#### INPUT RECORDS ####

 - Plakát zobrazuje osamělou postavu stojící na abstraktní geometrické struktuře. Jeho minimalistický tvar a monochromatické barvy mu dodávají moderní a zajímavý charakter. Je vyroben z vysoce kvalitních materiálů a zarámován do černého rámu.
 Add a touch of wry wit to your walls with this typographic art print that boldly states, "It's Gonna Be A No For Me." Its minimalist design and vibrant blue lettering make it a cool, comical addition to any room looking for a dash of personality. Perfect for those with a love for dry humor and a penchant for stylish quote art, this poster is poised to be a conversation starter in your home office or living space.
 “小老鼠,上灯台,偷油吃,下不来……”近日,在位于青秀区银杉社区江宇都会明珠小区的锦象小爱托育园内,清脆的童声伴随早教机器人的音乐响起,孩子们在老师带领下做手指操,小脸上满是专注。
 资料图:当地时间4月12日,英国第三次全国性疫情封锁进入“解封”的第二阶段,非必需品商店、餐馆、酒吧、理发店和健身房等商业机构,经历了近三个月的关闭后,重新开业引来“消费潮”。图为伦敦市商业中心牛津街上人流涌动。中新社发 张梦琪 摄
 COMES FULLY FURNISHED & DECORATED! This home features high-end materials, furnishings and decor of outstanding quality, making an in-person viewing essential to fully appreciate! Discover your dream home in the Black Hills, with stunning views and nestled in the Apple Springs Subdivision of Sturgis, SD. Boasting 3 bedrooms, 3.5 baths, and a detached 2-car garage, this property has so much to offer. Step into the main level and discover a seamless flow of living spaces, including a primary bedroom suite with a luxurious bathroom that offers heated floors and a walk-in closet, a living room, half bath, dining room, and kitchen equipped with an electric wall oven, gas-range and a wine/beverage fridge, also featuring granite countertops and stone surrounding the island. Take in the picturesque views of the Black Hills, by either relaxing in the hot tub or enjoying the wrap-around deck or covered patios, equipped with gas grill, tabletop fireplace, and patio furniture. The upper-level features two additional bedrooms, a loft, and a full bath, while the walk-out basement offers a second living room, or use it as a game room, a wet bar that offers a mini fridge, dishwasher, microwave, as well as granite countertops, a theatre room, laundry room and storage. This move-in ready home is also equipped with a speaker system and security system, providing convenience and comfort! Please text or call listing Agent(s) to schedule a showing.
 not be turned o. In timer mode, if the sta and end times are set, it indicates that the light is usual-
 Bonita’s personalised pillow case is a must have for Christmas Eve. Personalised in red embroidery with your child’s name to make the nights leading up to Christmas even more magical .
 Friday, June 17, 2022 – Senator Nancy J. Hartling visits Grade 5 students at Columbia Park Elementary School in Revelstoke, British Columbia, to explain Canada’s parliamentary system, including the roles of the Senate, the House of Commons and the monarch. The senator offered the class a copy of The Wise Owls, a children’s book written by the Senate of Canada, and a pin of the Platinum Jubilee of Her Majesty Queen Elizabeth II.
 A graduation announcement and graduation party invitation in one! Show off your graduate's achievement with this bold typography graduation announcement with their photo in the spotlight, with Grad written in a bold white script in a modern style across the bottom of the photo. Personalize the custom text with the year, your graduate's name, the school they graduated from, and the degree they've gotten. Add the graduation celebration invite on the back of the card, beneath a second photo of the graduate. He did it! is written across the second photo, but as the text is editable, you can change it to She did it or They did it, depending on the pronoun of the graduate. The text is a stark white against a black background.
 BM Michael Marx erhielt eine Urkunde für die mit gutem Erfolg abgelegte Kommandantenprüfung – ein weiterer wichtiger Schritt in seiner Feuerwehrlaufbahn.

####

ABOUT THIS EXERCISE >> Could you output, exactly and with nothing else, the lines from the start of the records through the line containing "Add a touch"?

ANSWER AREA >>
 - Plakát zobrazuje osamělou postavu stojící na abstraktní geometrické struktuře. Jeho minimalistický tvar a monochromatické barvy mu dodávají moderní a zajímavý charakter. Je vyroben z vysoce kvalitních materiálů a zarámován do černého rámu.
 Add a touch of wry wit to your walls with this typographic art print that boldly states, "It's Gonna Be A No For Me." Its minimalist design and vibrant blue lettering make it a cool, comical addition to any room looking for a dash of personality. Perfect for those with a love for dry humor and a penchant for stylish quote art, this poster is poised to be a conversation starter in your home office or living space.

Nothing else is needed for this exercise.